■ Supplied information
::::::::
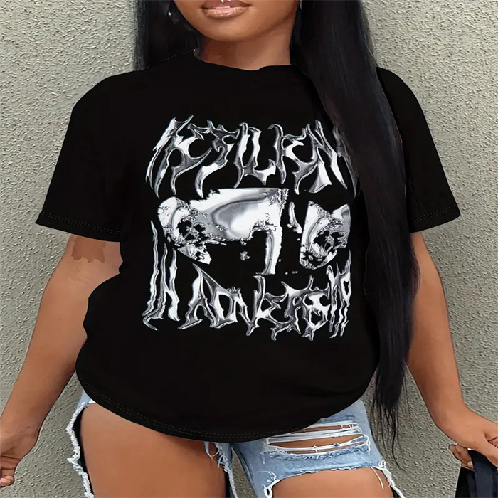크로스보더 유럽 및 미국 아마존 신상 프린트 티셔츠 라운드넥 루즈핏 오버사이즈 반팔 캐주얼 여성 티셔츠 상의
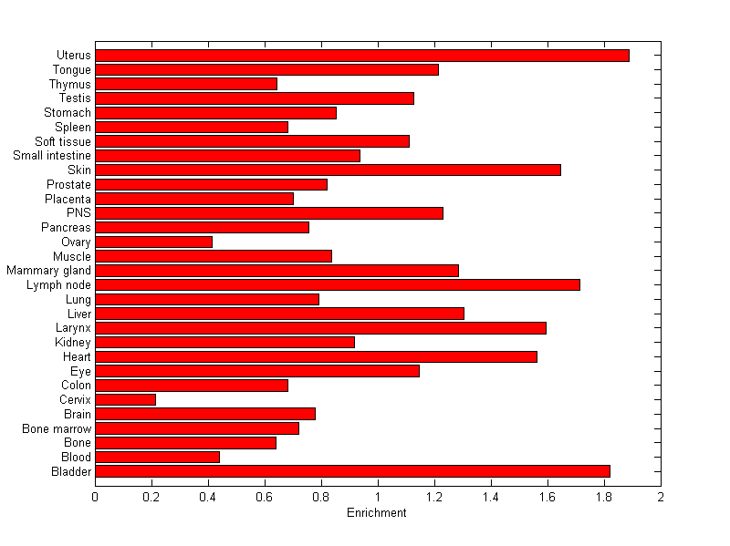 The expression level is normalized with tissue-library size. Each value for a gene in a tissue is a ratio of observed ESTs to the expected one in this tissue. The expected number of ESTs is the product of total ESTs of the gene and the fraction of total ESTs in the tissue among all ESTs in 30 tissues.
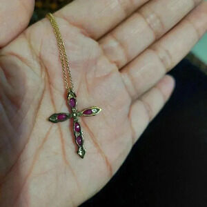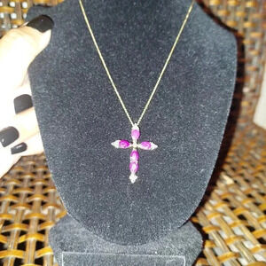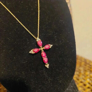 FAS 925 Silver Over Gold Vermeil Fuschia Cross Diamond Pendant & 18" Necklace
::::::::
■ Task description
Pictures are to be left out; all other data must be returned exactly.

■ Task result
크로스보더 유럽 및 미국 아마존 신상 프린트 티셔츠 라운드넥 루즈핏 오버사이즈 반팔 캐주얼 여성 티셔츠 상의
 The expression level is normalized with tissue-library size. Each value for a gene in a tissue is a ratio of observed ESTs to the expected one in this tissue. The expected number of ESTs is the product of total ESTs of the gene and the fraction of total ESTs in the tissue among all ESTs in 30 tissues.
 FAS 925 Silver Over Gold Vermeil Fuschia Cross Diamond Pendant & 18" Necklace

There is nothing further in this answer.